Толчок был не сильный, и он, конечно, от этого удара быстро бы оправился. Смертельным оказался — тот, другой, моральный удар. Через несколько дней он скончался от инсульта.
Не исключено, конечно, что это был всего лишь такой художественный образ. Говоря по-научному — гипербола. Вроде как в рассказе Чехова «Смерть чиновника»: не всякий же чиновник, случайно начихавший на генеральскую лысину, тут же и отдавал Богу душу. И тем не менее случай, описанный Чеховым, безусловно отразил, опять-таки, говоря по-научному, типический характер в типических обстоятельствах. Вот так же — и смерть Немировского — одного из главных героев романа Григория Бакланова «Друзья».

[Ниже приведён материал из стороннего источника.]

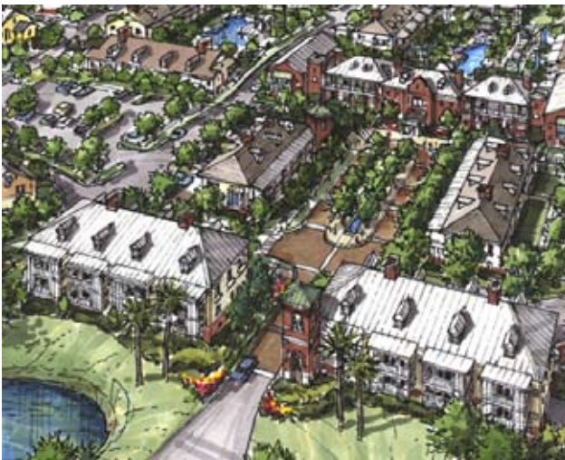
Litchfield Main Square

Litchfield Reunion is a four phase resort community planned for Pawley's Island, South Carolina for the Litchfield Company. Architectural pieces designed by TSW consist of a Town Square, with retail and amenities, the Manor House Inn, cottages, villas, courtyard houses, and other second-home product offerings.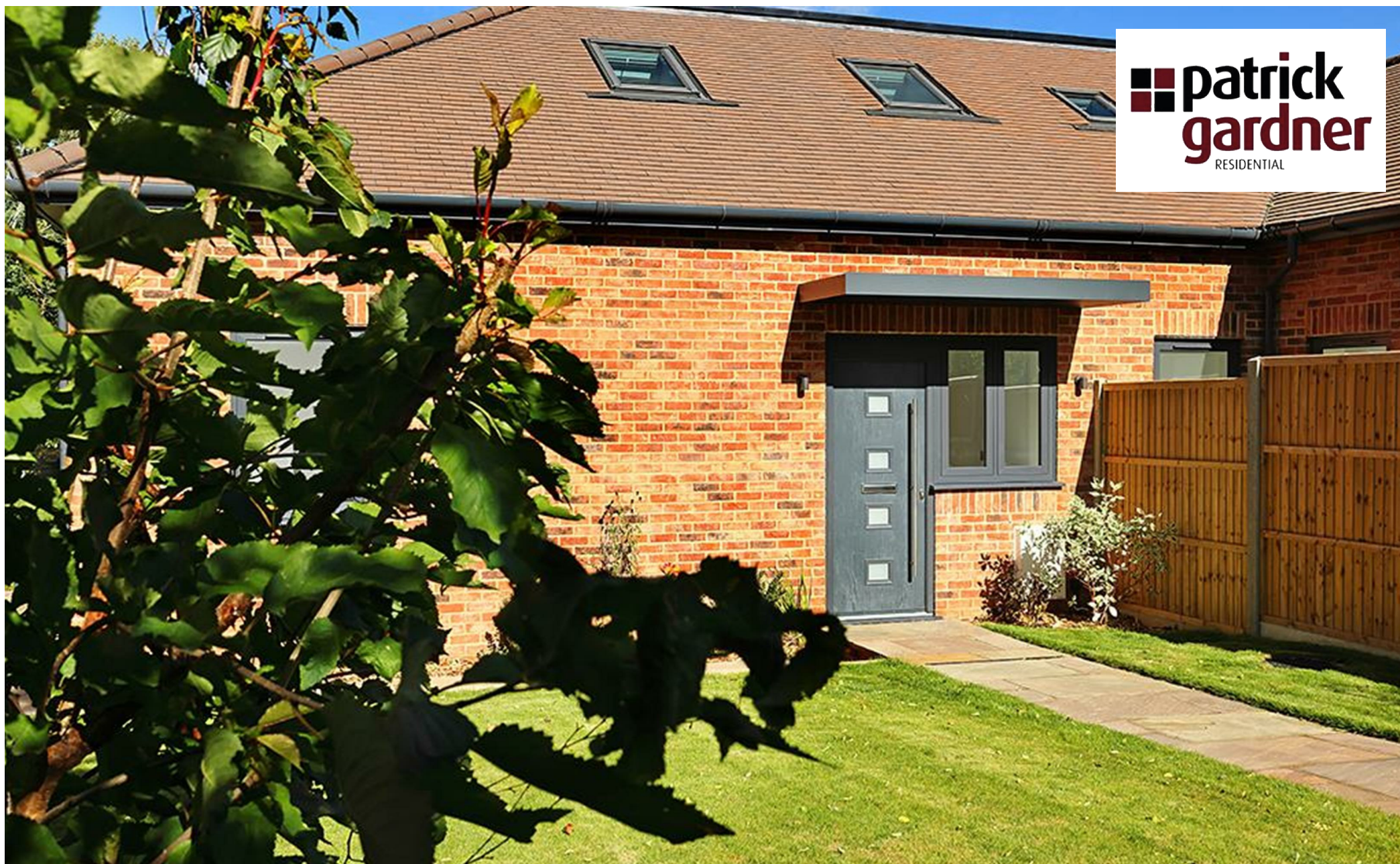
Plot 2 Kennel Close, Fetcham, Surrey, KT22 9PF

Однако, как оказалось, этого своего героя и всю эту драматическую историю писатель не выдумал:
В тот день зачем-то поехал я в Союз писателей… И в троллейбусе, а это еще будет иметь значение, встретил секретаря парткома Винниченко. Вместе вышли, перешли улицу Герцена, в дверях, как водится, произошла гоголевская сцена: поуступали друг другу право первым войти. Крупный мужчина цветущего вида, могли он думать, что жить ему осталось недолго? А случилось с ним вскоре вот что: на собрании его не выбрали в президиум. Ну и что? — скажете вы. Как что? Секретаря парткома не выбрали в президиум. Где его законное место! Тот, кто знает весь механизм изнутри — а он-то знал, — может себе представить, что произошло: вышестоящие товарищи не вставили его в список. Или, что еще страшней, вычеркнули. И уже кто-то, наверное, присмотрен на эту должность, а ему возвращаться в первобытное состояние, стать просто писателем…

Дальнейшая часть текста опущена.